An anonymous reader writes "International Humanitarian Law professor Ludwig Braeckeleer thinks so. In an article published yesterday in the Korean newspaper OhMyNews, he reveals a discovery he made while researching a story on the bombing of Pan Am Flight 103 over Scotland. It turns out that a Wikipedia administrator named SlimVirgin is actually Linda Mack, a woman who as a young graduate in the 1980s was hired by investigative reporter Pierre Salinger of ABC News to help with the investigation. Salinger later came to believe that Mack was actually working for Britain's MI5 on a mission to investigate the bombing and to infiltrate and monitor the news agency. Shortly after her Wikipedia identity was uncovered, many of her edits to articles related to the bombing were permanently removed from the database in an attempt to conceal her identity. This discovery comes only months after another Wikipedia admin was caught lying about his credentials to the press. What can Wikipedia do about those who would use it for their own purposes?"

7 of 428 comments (clear)

  1. Transparency by RunFatBoy.net · · Score: 3, Interesting

    So maybe the question becomes, should those who contribute more (I don't know what the threshold would be) be required to reveal more personal identification details in order to ensure some level of transparency?

    Jim
    http://www.runfatboy.net/ - A workout plan for beginners.
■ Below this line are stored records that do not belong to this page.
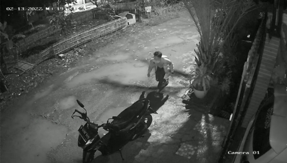 Hal itu terlihat dari CCTV salah seorang pria dengan posisi jongkok menghampiri motor yang terparkir, kemudian berhasil memboyong motor tersebut.
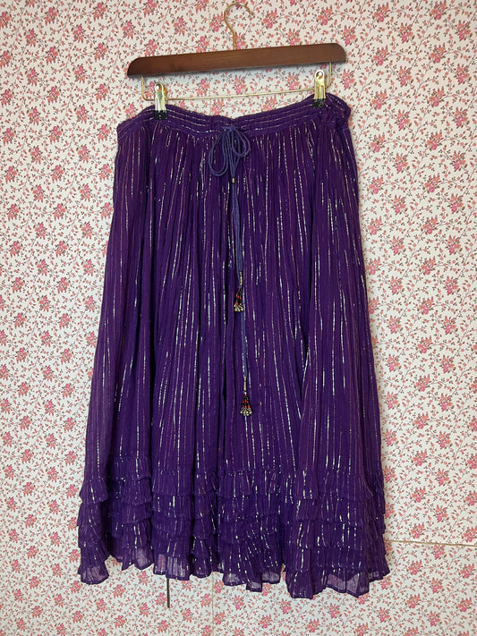 Vintage 1970s Indian Cotton and Lame Purple Maxi Skirt
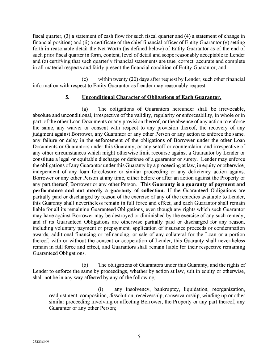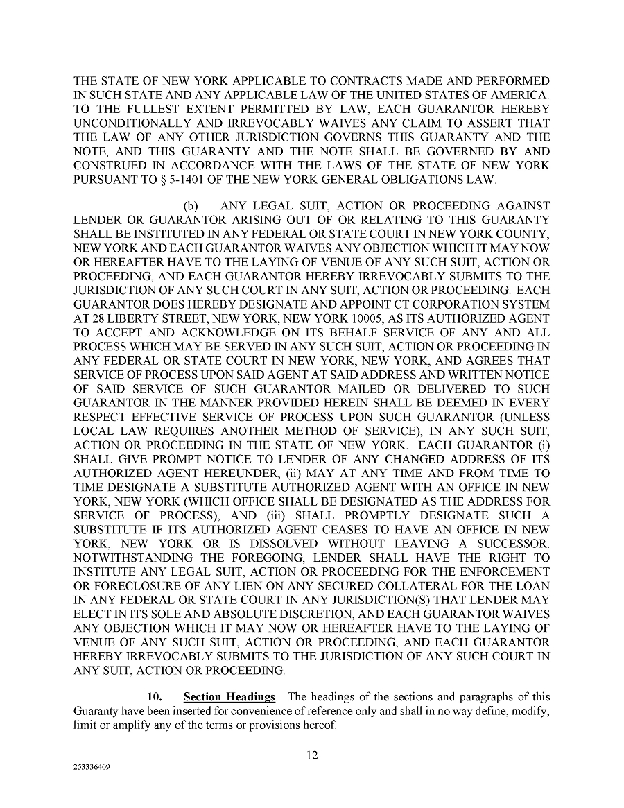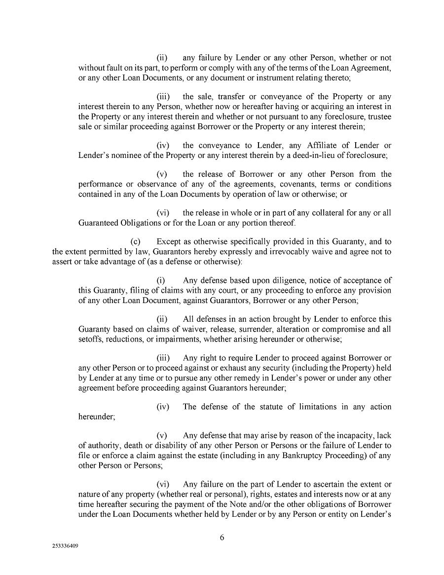 The foregoing description of the CMBS Loan Agreement and the Guaranty is a summary only and is qualified in its entirety by reference to the full text of the CMBS Loan Agreement and the Guaranty, copies of which are filed as Exhibit 10.1 and 10.2, respectively, to this Current Report on Form 8-K and incorporated herein by reference.
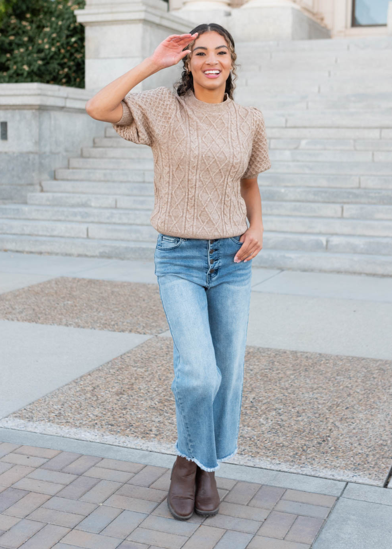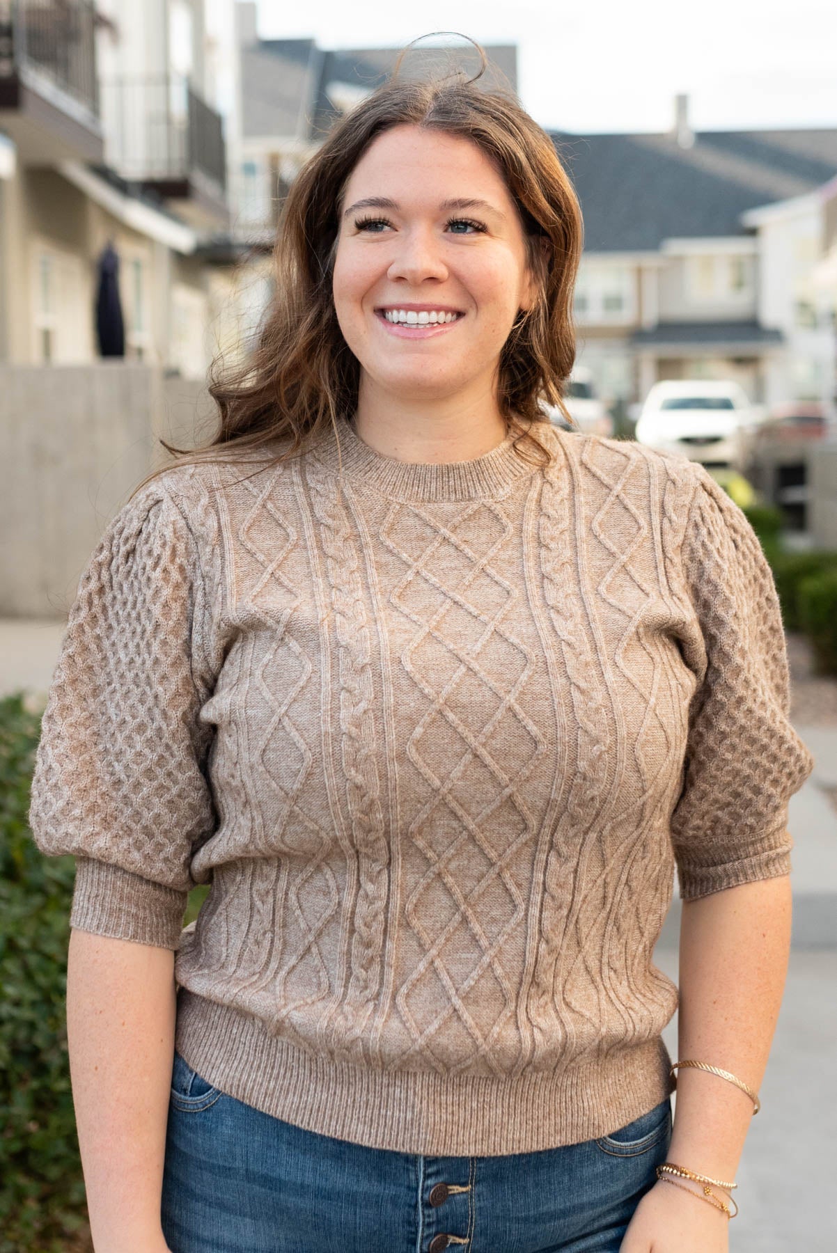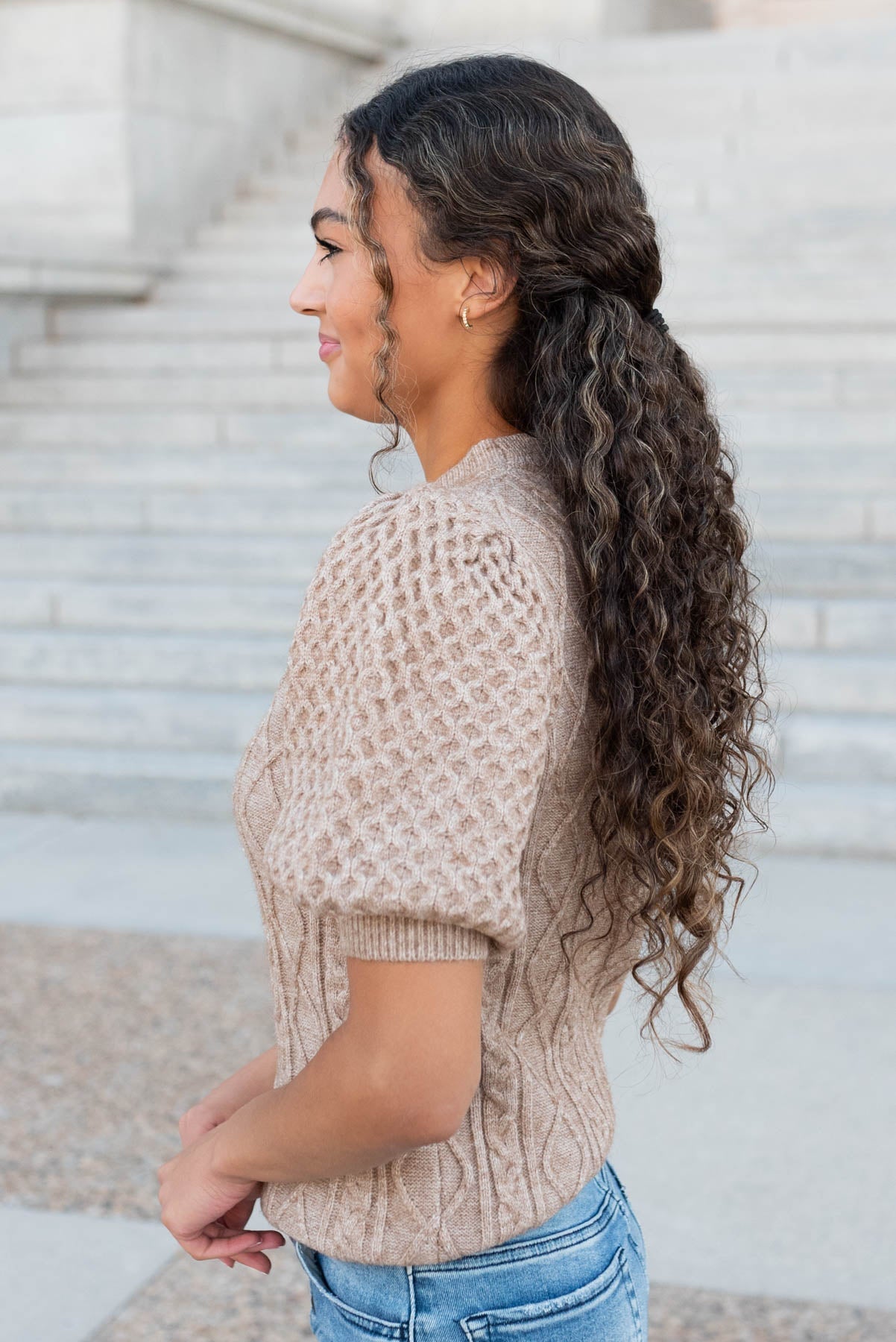 Alaina Taupe Short Sleeve Sweater
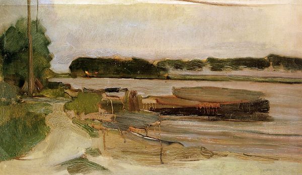 Camille Corot created this oil on canvas painting, ‘The Tiber near Rome,’ sometime in the mid-19th century. The landscape is anchored by a tranquil expanse of water that dominates the lower half of the composition. The river serves as a mirror, reflecting the soft, diffused light of the sky above. Note the gentle gradations of tone. The earth is rendered in muted greens and browns, creating a sense of depth and recession. Corot’s brushwork emphasizes the subtleties of light and atmosphere over sharp, defined forms. The soft edges and blurred details evoke a dreamlike quality, a hallmark of the artist’s style. This approach aligned with contemporary ideas about subjectivity and the importance of personal experience. Consider how Corot uses color and light to create a sense of harmony and balance, inviting us to contemplate the beauty and serenity of the natural world.
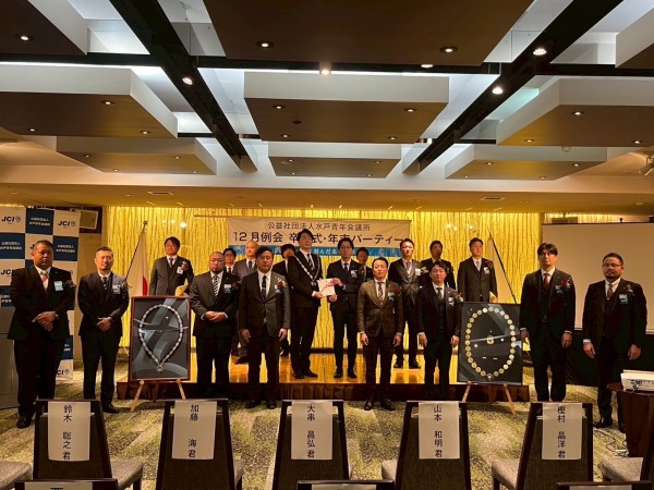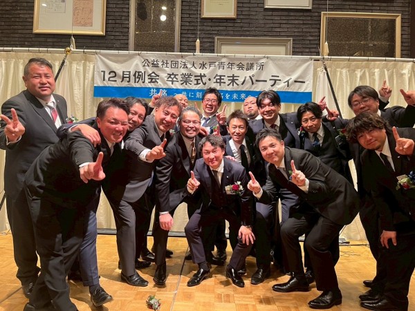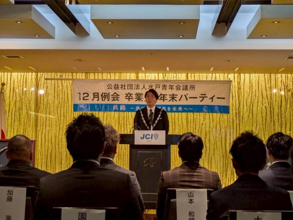 【12月例会 卒業例会 開催報告】12月5日(金)に12月例会 卒業例会を開催しました。2025年度、加治理事⾧が掲げた「磨穿鉄硯」のスローガンをもとに進めてまいりました運動・活動を先輩諸兄姉へ報告させていただき、水戸青年会議所でご活躍されてきた18名の卒業生へ感謝を伝えるとともに卒業生自身の飛躍を誓っていただきました。また、新入会メンバーも積極的に事業構築に携わり、大きく成⾧することができました。改めまして、ご参加をいただきました皆様、誠にありがとうございました。
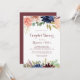 This rustic gold leaves calligraphy couples shower invitation is perfect for a modern wedding shower. The design features hand-drawn watercolor purple, navy, blush, burgundy, navy flowers, green and gold leaves.

    1. Re:Transparency by Richard+Steiner · · Score: 3, Interesting

      How does Wikipedia handle topics (like certain forms of proprietary technology) where the only published data sources might only exist in non-public forms (e.g., vendor manuals), or may not exist in published form at all anymore (e.g., out of print vendor manuals)?

      --
      Mainframe/UNIX Bit Twiddler and long time Windows/Linux Hobbyist.
      The Theorem Theorem: If If, Then Then.
    2. Re:Transparency by DerekLyons · · Score: 3, Interesting

      Which, in case you weren't been sarcastic, is exactly how Wikipedia does work. Stuff that isn't common knowledge having to be referenced is the cardinal rule of Wikipedia.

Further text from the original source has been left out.